4. Maximum Absolute Sum of Any Subarray

You are given an integer array nums. The absolute sum of a subarray [numsl, numsl+1, ..., numsr-1, numsr] is abs(numsl + numsl+1 + ... + numsr-1 + numsr).

Return the maximum absolute sum of any (possibly empty) subarray of nums.

Note that abs(x) is defined as follows:

• If x is a negative integer, then abs(x) = -x.

• If x is a non-negative integer, then abs(x) = x.

Example 1:

Input: nums = [1,-3,2,3,-4]
Output: 5
Explanation: The subarray [2,3] has absolute sum = abs(2+3) = abs(5) = 5.

Example 2:

Input: nums = [2,-5,1,-4,3,-2]
Output: 8
Explanation: The subarray [-5,1,-4] has absolute sum = abs(-5+1-4) = abs(-8) = 8.
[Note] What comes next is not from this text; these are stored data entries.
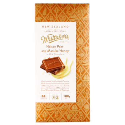 Whittaker's Nelson Pear & Manuka Honey Chocolate Block 100g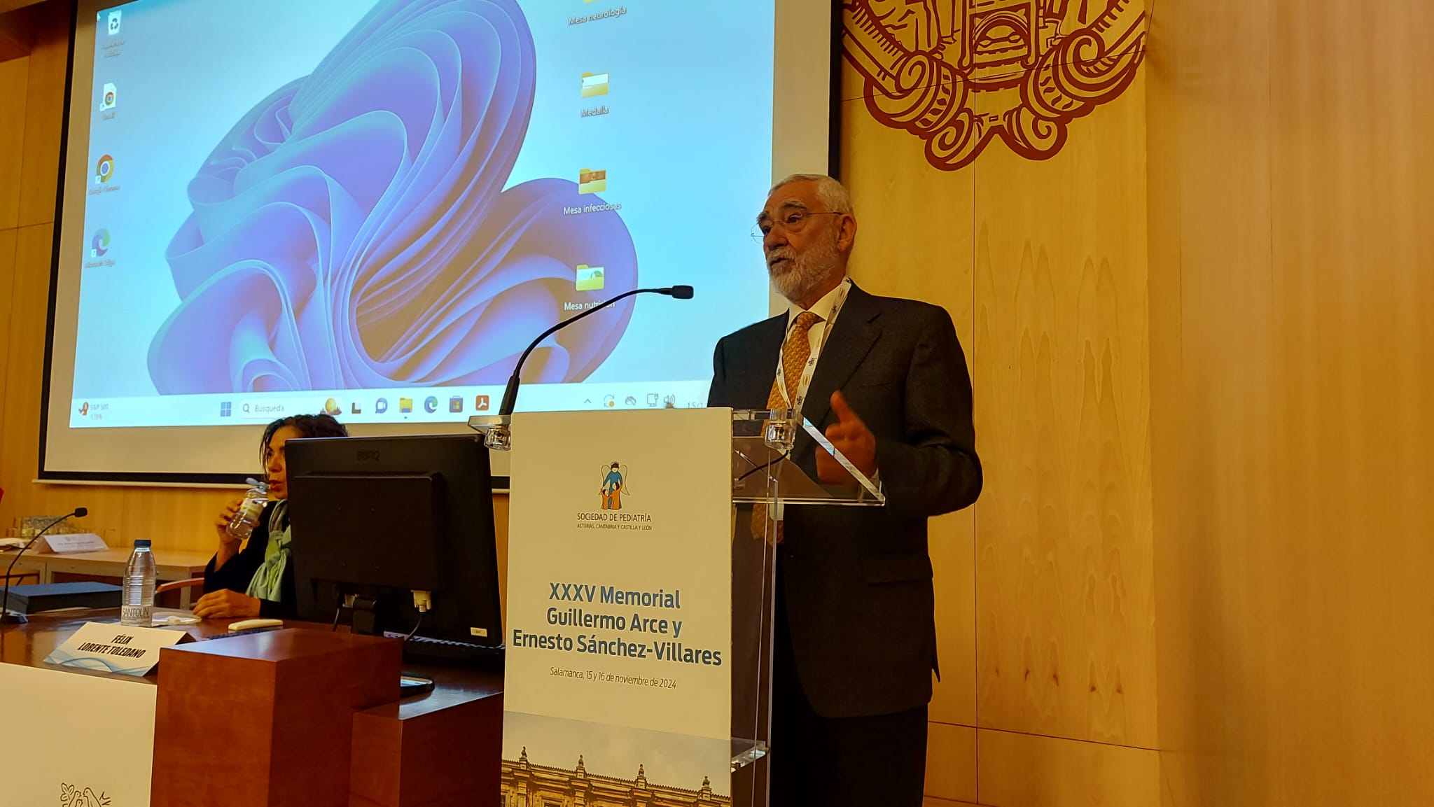 El profesor de la Facultad de Ciencias de la Salud Francisco Javier Pellegrini Belinchón ha recibido esta tarde la medalla del Memorial Guillermo Arce y Ernesto Sánchez-Villares, cuyas jornadas reúnen hoy y mañana a trescientos profesionales de Asturias, Cantabria y Castilla y León. El encuentro ha sido inaugurado por la vicerrectora de Comunidad Universitaria y Estudiantes de la UPSA, María H. Benavente Cuesta, acompañada por la presidenta de la Sociedad de Pediatría de Asturias, Cantabria y Castilla y León, Mª Jesús Cabero Pérez; el presidente de la Fundación Guillermo Arce y Ernesto Sánchez-Villares, Corsino Rey Galán; el presidente de la Asociación Española de Pediatría, Luis Blesa Baviera; y la presidenta del Comité organizador, Beatriz Plata Izquierdo.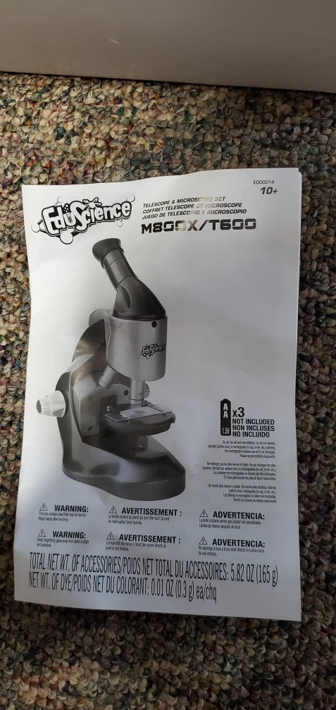 I'm selling an Edu Science Telescope & Microscope Set (M800X/T600) from Toys r Us. Never used, still has all the pieces still in their original packaging.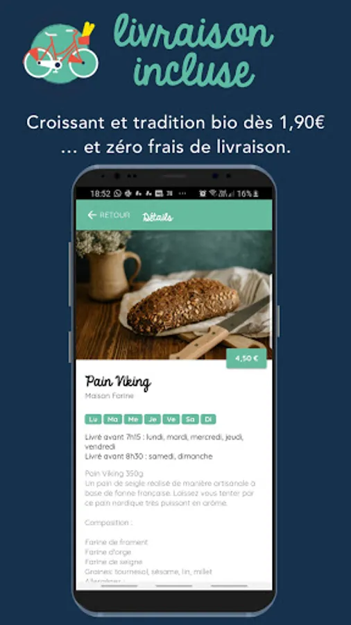 We have selected for you the best artisan bakers in Lyon (in full transparency on the product sheet) as well as the best delicacies that will perfectly accompany your mornings under the duvet. On the app, you can discover the products we offer, local, organic, short circuit: only good and authentic.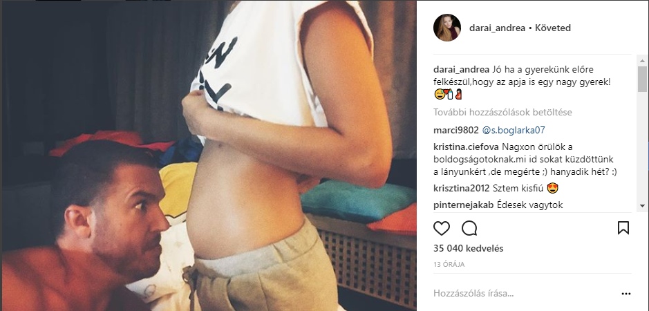 „Jó ha a gyerekünk előre felkészül, hogy az apja is egy nagy gyerek!” – írta Darai Andrea a fotóhoz. A rajongók egyből elkezdtek találgatni a pocak formája miatt, hogy milyen nemű lesz a baba. Kasza Tibi és Manker tegnap este egy élő videóban elárulta, hogy már megcsinálták a kötelező teszteket, de még nem kaptak eredményt a pici nemével kapcsolatban, azonban nemsokára ezt is bejelentik.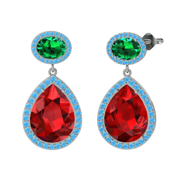 Garnet, yeşil kuvars ve akuamarin 8 ayar beyaz altın küpe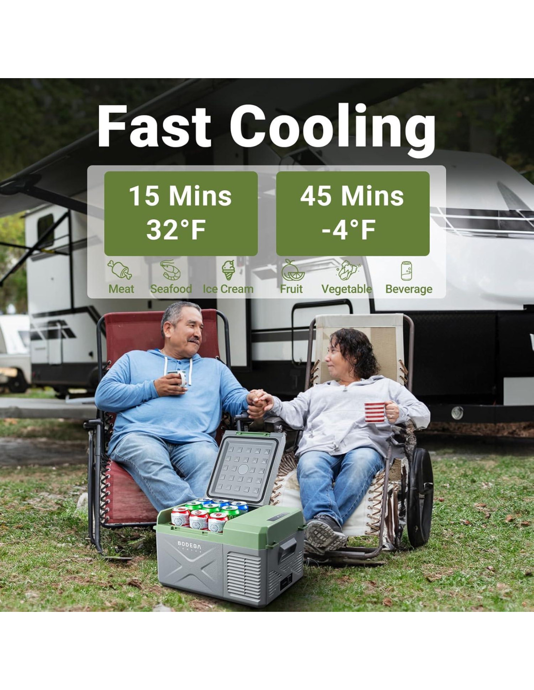 - Enfriamiento Rápido y Bajo Consumo de Energía: Refrigerador de coche BODEGACOOLER con tecnología de refrigeración por compresor, este enfriador de coche podría lograr un enfriamiento rápido de 15 min de 68F a 32F y 50 min de 32F a -4F. Di adiós a la molestia de usar hielo, además, este refrigerador portátil tiene un consumo promedio de energía de solo 45W, incluso cuando funciona en modo MAX, consume mucho menos de 1kWh por día.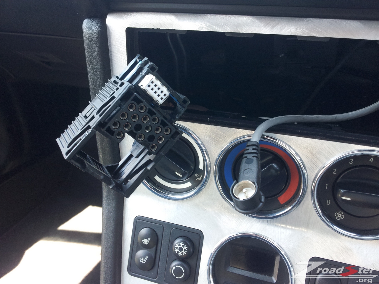 6. Connect the converted wiring harness and aerial connectors to the back of the head unit. The Sony unit has additional wire on the back which you probably won’t be using.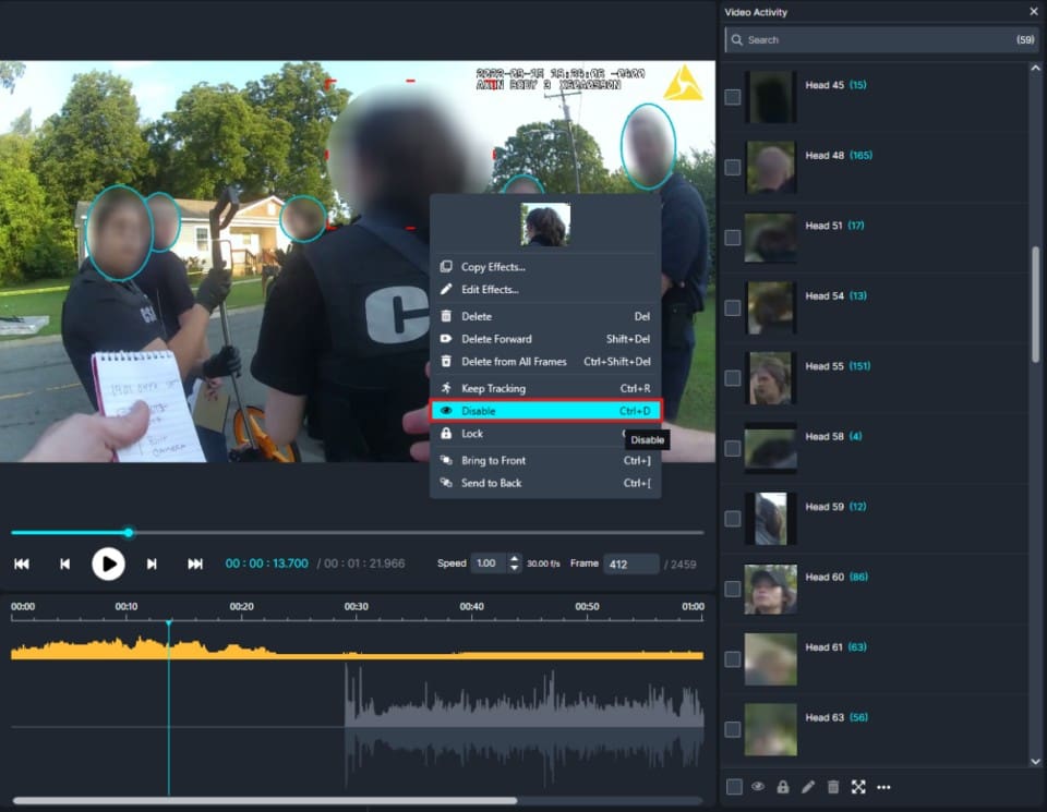 Once done, re-play the video to preview the disabled faces. If an individual was left unredacted, manually disable the face from within the video.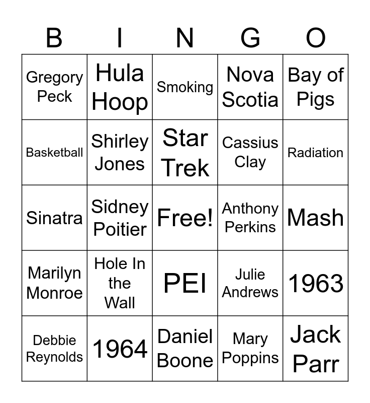 This bingo card has a free space and 35 words: 6, Alice, Bus, Shirley Jones, PEI, Nova Scotia, Basketball, Three Stooges, Star Trek, Nixon, Sinatra, Bay of Pigs, Martin Luther King Jr., The Apartment, Gregory Peck, Anthony Perkins, Mary Poppins, Sidney Poitier, Marilyn Monroe, Jack Parr, Julie Andrews, Debbie Reynolds, 1963, 1964, Smoking, Radiation, Harper Lee, Slyvia Path, Cassius Clay, Mash, Davy Crockett, Daniel Boone, Hole In the Wall, Hula Hoop and Sputnik.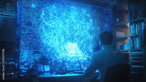 A dynamic visual of a programmer coding while a 3D AI hologram of code elements pops out of the screen, glowing in blue.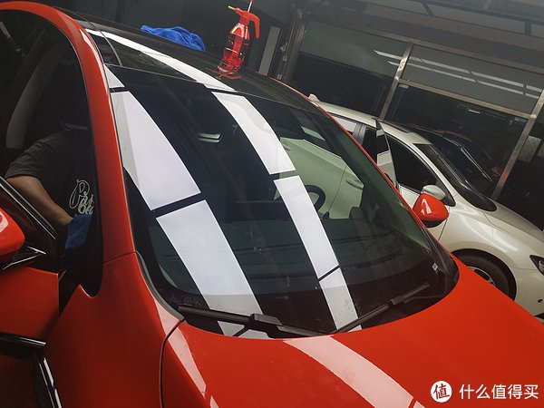 膜是通过顺丰发货的,由于发货地址近,隔天就到了。到了立马就联系施工门店进行施工。两个师傅,踏踏实实的贴了快2小时才完工。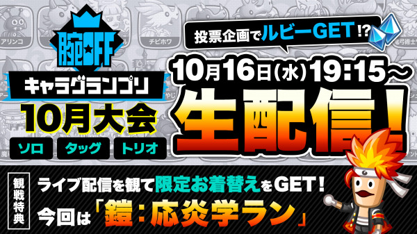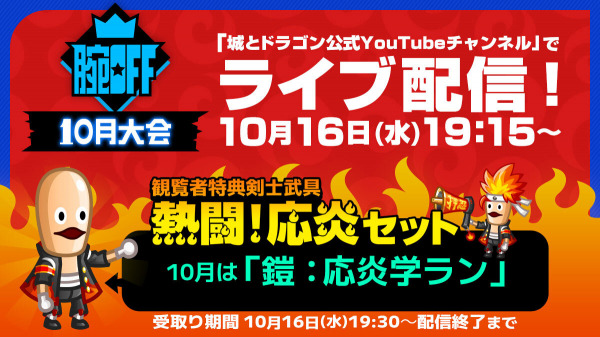 2025年2月15日(土)に東京にて開催される「城ドラフェスティバル2024-2025」。その「腕OFFキャラグランプリ 王者決定戦」の出場へ向けた「腕OFFキャラグランプリ ソロ/タッグ/トリオ10月大会」の模様を、2024年10月16日(水)19:15より『城とドラゴン』公式YouTubeチャンネルにて生配信いたします。配信を視聴された方には、剣士の限定お着替え「鎧:応炎学ラン」をプレゼント!9月、11月の生配信で配布のお着替えと合わせれば、「熱闘!応炎セット」が完成します。また、優勝者(またはチーム)を予想して最大3,000ルビーが獲得できる視聴者参加企画も実施予定。ぜひご観覧ください!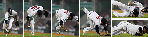 두산 선발진에 또 한번 빨간불이 켜졌다. 다승 공동 1위 히메네스가 19일 잠실 한화전 4회 2사 2·3루에서 한화 신경현의 내야 땅볼 타구를 잡으려다 넘어졌다. 히메네스는 곧바로 교체됐다. 잠실|김종원 기자 won@donga.com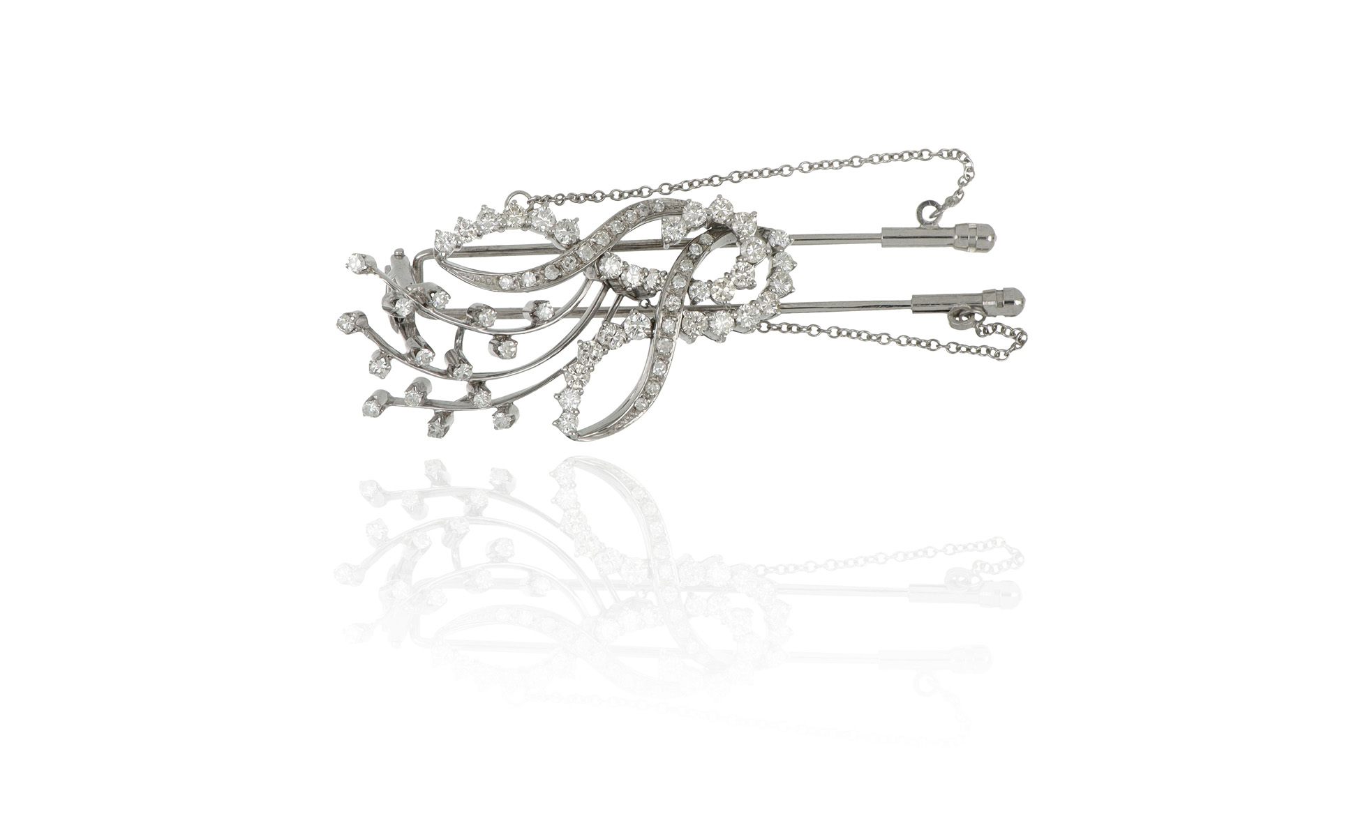 Spilla in oro bianco da cappotto piccoli diamanti taglio 8/8 e brillante per ct. 1 00 ca. disegnano volute a ramage stilizzati.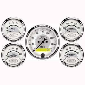 Crisp white OEM-style lettering, Ford logo, and bright anodized Super Bezels make the Ford Racing Series a stylish fit. Choose from short-sweep electric mechanical or full-sweep stepper gauge movements.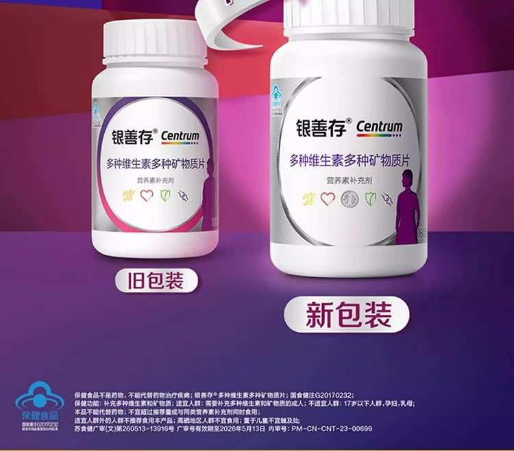 善存银善存中老年女士复合维生素矿物质片50岁以上维生素C维生素e保健品 含烟酰胺钙铁锌160片新旧包装随机发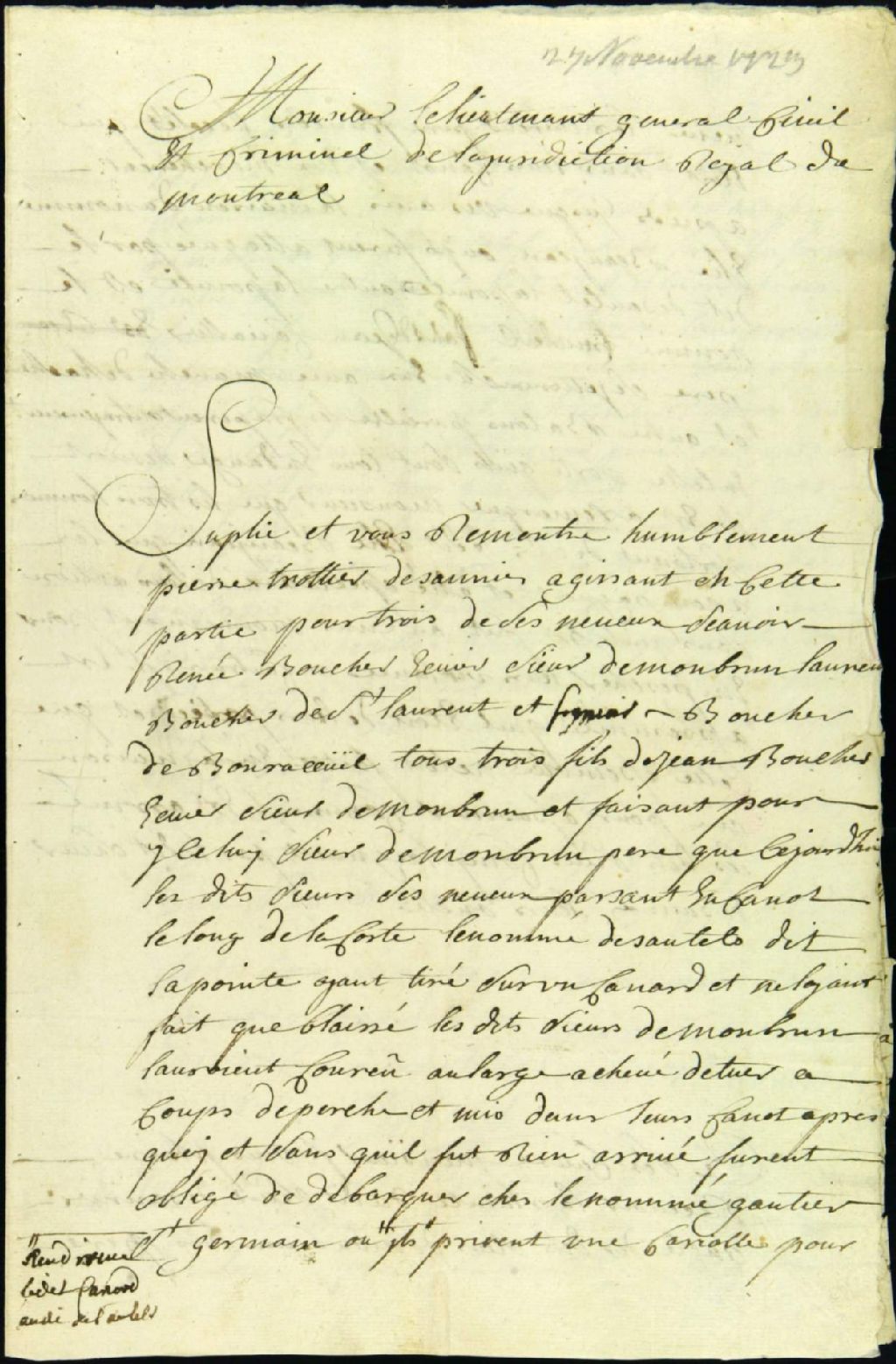 - Ce dossier de matière criminelle est d¿abord composé de la plainte de Pierre Trottier Desaulniers, agissant au nom de l'écuyer Jean Boucher, sieur de Monbrun, absent, père de trois de ses neveux, disant que ces derniers, les nommés René Boucher, fils, Laurent Boucher et François Boucher ont été attaqués, sauvagement battus et sérieusement blessés par Pierre et Louis Desautels et Lambert Cavelier, pour avoir pris et achevé un canard tiré par le nommé Pierre Desautels. Il demande de recevoir la plainte en l'absence du père de ses neveux et la tenue d'une information judiciaire. Le dossier contient ensuite : les ordres de faire examiner les blessés par les chirurgiens Timothée Sullivan et Jean Guichard dit Lasonde et de comparution des témoins de la poursuite ; le serment des chirurgiens experts ; le rapport de ceux-ci sur l'état des blessures des trois victimes ; la communication au procureur du roi, lequel requiert la prise de corps contre les accusés ; le décret de prise de corps ; et la requête de Jean Boucher qui entend que le procès continue en son nom mais se désiste des poursuites au criminel. Il demande le remboursement des frais médicaux et une pension alimentaire.Le dossier contient finalement : les requêtes pour la continuation du procès, le récolement des témoignages et le supplément d'information judiciaire ; les permissions qui s¿en suivent ; les ordres de comparution et d'assigner la femme de René Beaujean, habitant de Sainte-Marie, âgé de 52 ans, et Paul Poupard dit Lafleur, domestique chez la veuve de Blot, âgé de 17 ans, nouveaux témoins ; l'information judiciaire par addition ; le récolement des témoignages ; les frais de justice ; et le brouillon inachevé de l'introduction du jugement, non daté, mais certainement écrit après le 26 janvier 1724. Les documents mentionnent les témoins suivant : Jean Gauthier dit Saint-Germain, de Côte-Saint-Martin, âgé de 43 ans ; Jean-Baptiste Gauthier dit Saint-Germain, fils, âgé de 14 ans ; Pierre Botquin dit Saint-André, de Côte-Saint-Martin, âgé de 47 ans ; Marie Gauthier, âgée de 30 ans, épouse de ce dernier ; et Étienne Trudeau, âgé de 14 ans, fils de Pierre

Solution: (Using Kadane's Algorithm)

Approach: Finding the max Sum possible Finding the min sum possible Checking the max.

class Solution
{
public:
    int maxAbsoluteSum(vector<int> &nums)
    {

        int s = 0;
        int maxSum = INT_MIN;
        int minSum = INT_MAX;

        //Finding the max sum subarray
        for (int i = 0; i < nums.size(); i++)
        {
            s += nums[i];
            if (s > maxSum)
            {
                maxSum = s;
            }

            if (s < 0)
            {
                s = 0;
            }
        }

        //Finding the min sum subarray
        s = 0;
        for (int i = 0; i < nums.size(); i++)
        {
            s += nums[i];
            if (s < minSum)
            {
                minSum = s;
            }

            if (s > 0)
            {
                s = 0;
            }
        }

        return max(maxSum, abs(minSum));
    }
};

Time Complexity: O(n)